▶ [What to do]: What is needed is an exact copy of every entry below, minus the images.

▶ [Input for this task]:
'''
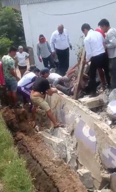 Estaba trabajando en la zanja cuatro trabajadores, de los cuales dos fueron aplastados por el muro, ellos tenían fracturas de consideración, pero se le veía conscientes y estable, en cambio uno de ellos que fue aplastado completamente, todo el cuerpo, incluso golpe en la cabeza, en el pecho, su estado es delicado.
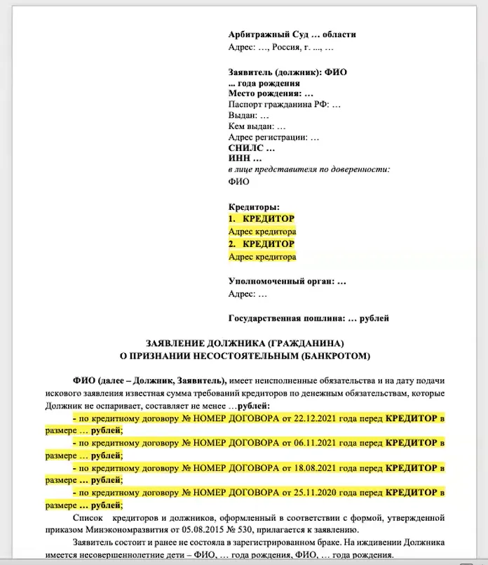 Как заполнить и подать заявление на банкротство?
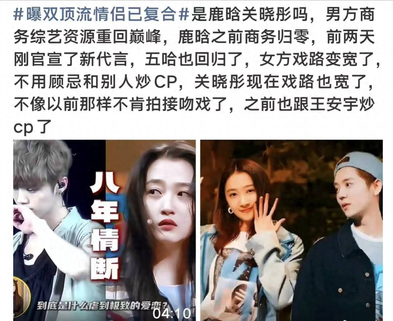 娱乐圈的感情故事,总是隔三差五就要被翻出来“重播”一次。最近几天,关于鹿晗和关晓彤复合的消息突然在网上炸开了锅。
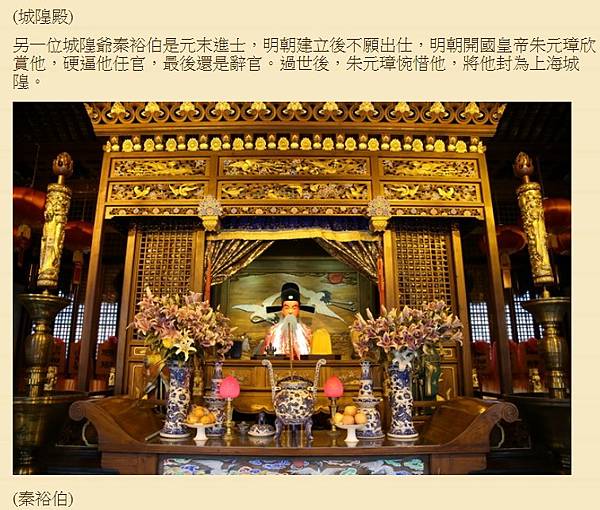 上海城隍廟正殿供奉的是另一位城隍神秦裕伯。
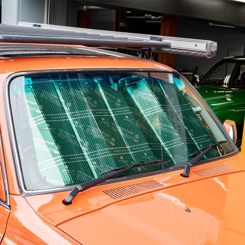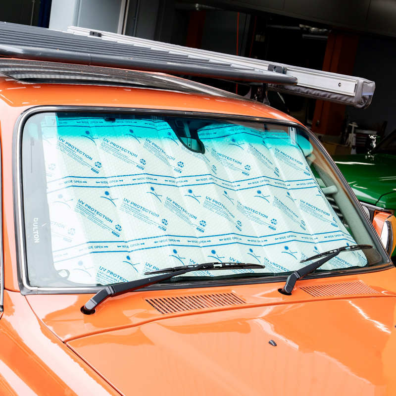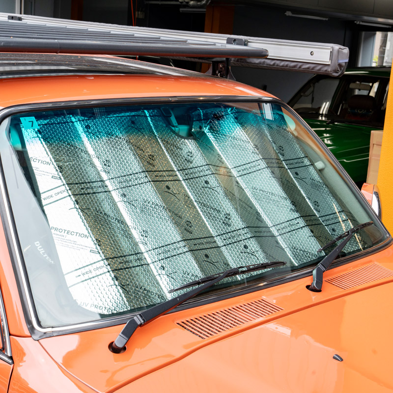 真夏の炎天下でも、サンシェードを使用することで車内の温度上昇を抑えたり、
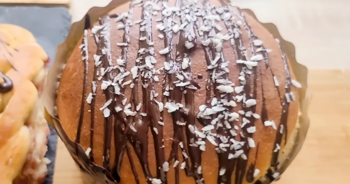 Украшение. Остывший кулич украсьте растопленным диабетическим шоколадом (нанесите полоски) и посыпьте кокосовой стружкой. Плетенку также можно полить шоколадом.
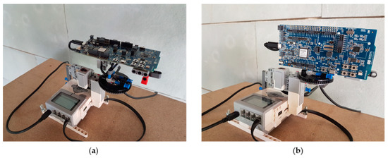 The OD allows a receiver (nRF52840 DK in this case) to be aligned automatically with a certain angle on the XY plane (or ground plane) with a resolution of 1°. The receiver can be attached horizontally or vertically to the OD (see Figure 1a,b). For the construction of the OD, parts of the Lego MindStorms EV3 Education kit were used [58,65]. The main parts were:
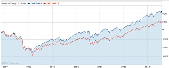 Ever since the technology bubble burst in 2000, Growth stocks have felt the pain. Since that period, the Russell 1000 Value index – R1KV (Ticker: IWD) has almost doubled in value and outperformed the Russell 1000 Growth index – R1KG (Ticker: IWF) by more than +60% (see chart below):
'''
▶ [Task result]:
 Estaba trabajando en la zanja cuatro trabajadores, de los cuales dos fueron aplastados por el muro, ellos tenían fracturas de consideración, pero se le veía conscientes y estable, en cambio uno de ellos que fue aplastado completamente, todo el cuerpo, incluso golpe en la cabeza, en el pecho, su estado es delicado.
 Как заполнить и подать заявление на банкротство?
 娱乐圈的感情故事,总是隔三差五就要被翻出来“重播”一次。最近几天,关于鹿晗和关晓彤复合的消息突然在网上炸开了锅。
 上海城隍廟正殿供奉的是另一位城隍神秦裕伯。
 真夏の炎天下でも、サンシェードを使用することで車内の温度上昇を抑えたり、
 Украшение. Остывший кулич украсьте растопленным диабетическим шоколадом (нанесите полоски) и посыпьте кокосовой стружкой. Плетенку также можно полить шоколадом.
 The OD allows a receiver (nRF52840 DK in this case) to be aligned automatically with a certain angle on the XY plane (or ground plane) with a resolution of 1°. The receiver can be attached horizontally or vertically to the OD (see Figure 1a,b). For the construction of the OD, parts of the Lego MindStorms EV3 Education kit were used [58,65]. The main parts were:
 Ever since the technology bubble burst in 2000, Growth stocks have felt the pain. Since that period, the Russell 1000 Value index – R1KV (Ticker: IWD) has almost doubled in value and outperformed the Russell 1000 Growth index – R1KG (Ticker: IWF) by more than +60% (see chart below):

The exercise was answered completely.